A loose rant on maximization - mh_
http://37signals.com/svn/posts/3434-a-loose-rant-on-maximization

======
robotresearcher
"Am I interested in increasing profits? Yes. Revenues? Yes? Being more
productive? Yes. Making our products easier, faster, and more useful? Yes.
Making our customers and employees happier? Yes, absolutely. Do I love
iterating and improving? Yes sir."

Iterated local improvement is a hill-climbing approximate maximization
strategy. If you don't know what the cost space looks like, it might be the
best maximization strategy available.

------
JCraig
I have a great respect for the attitude that goes into running 37 Signals.
Making something simple, enjoyable, and useful is much more concrete, from a
development standpoint, than making something "the best". It also allows 37
Signals to sidestep the trap of defining oneself by competitors.

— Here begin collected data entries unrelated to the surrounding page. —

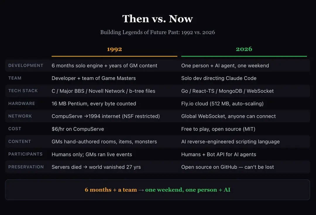 一个帖子在Reddit上火了!仅凭一点线索,Claude就复活了一个30年前的传奇游戏。目前评论已经盖到了一百多楼,网友的共识是:这篇帖子堪称传奇。发帖人是游戏开发商Beamable的CEO Jon Radoff,他用Claude复活了自己19岁时开发的MUD(多人即时虚拟类)游戏——只花了一个周末。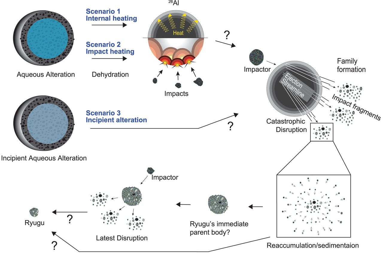 2 Ryugu形成的示意图(Sugita et al., 2019)。最初吸积形成的Ryugu母体发生过强烈的水蚀变,由于26Al衰变和撞击加热,导致该母体发生脱水,同时导致母体破碎。撞击形成的碎块重新吸积形成小行星,可能后期还经历过较强的撞击从而形成现在的Ryugu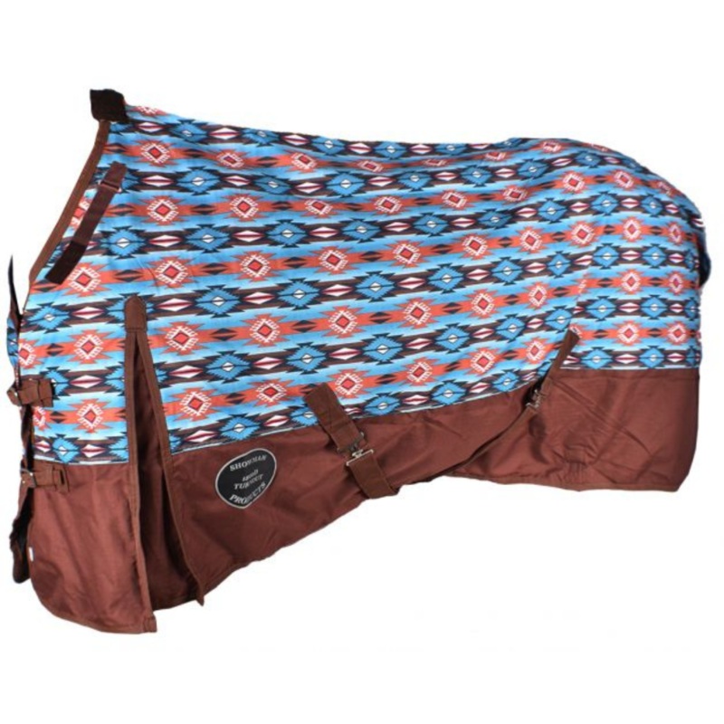 The Waterproof and Breathable Showman Orange and Turquoise Southwest Print 1200 Denier Perfect Fit Turnout Blanket.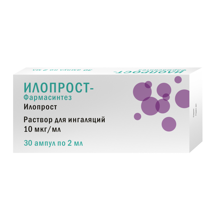 Илопрост-Фармасинтез - это синтетический аналог простациклина, применяемый для лечения среднетяжелой и тяжелой легочной гипертензии (повышенного давления в сосудах легких). Препарат расширяет артерии, улучшает кровоток, препятствует склеиванию тромбоцитов и уменьшает одышку. Поставляется в виде прозрачного раствора для ингаляций (10 мкг/мл).

This seems to
allow them to spend their energy on making their products and their lives
good.

Jason Fried has talked before about the importance of making things simple and
easy. Simple and easy to use are hard to categorize as "best" when selling a
product to customers or investors. Having more features, doing more work,
saying "yes" more often gives you easier metrics to claim "best", but they
often lead to overly-complex and difficult to use products and harried,
stressed, unhappy employees.

------
guan
Based on this post, I’m sure we can come up with some kind of function that he
is maximizing.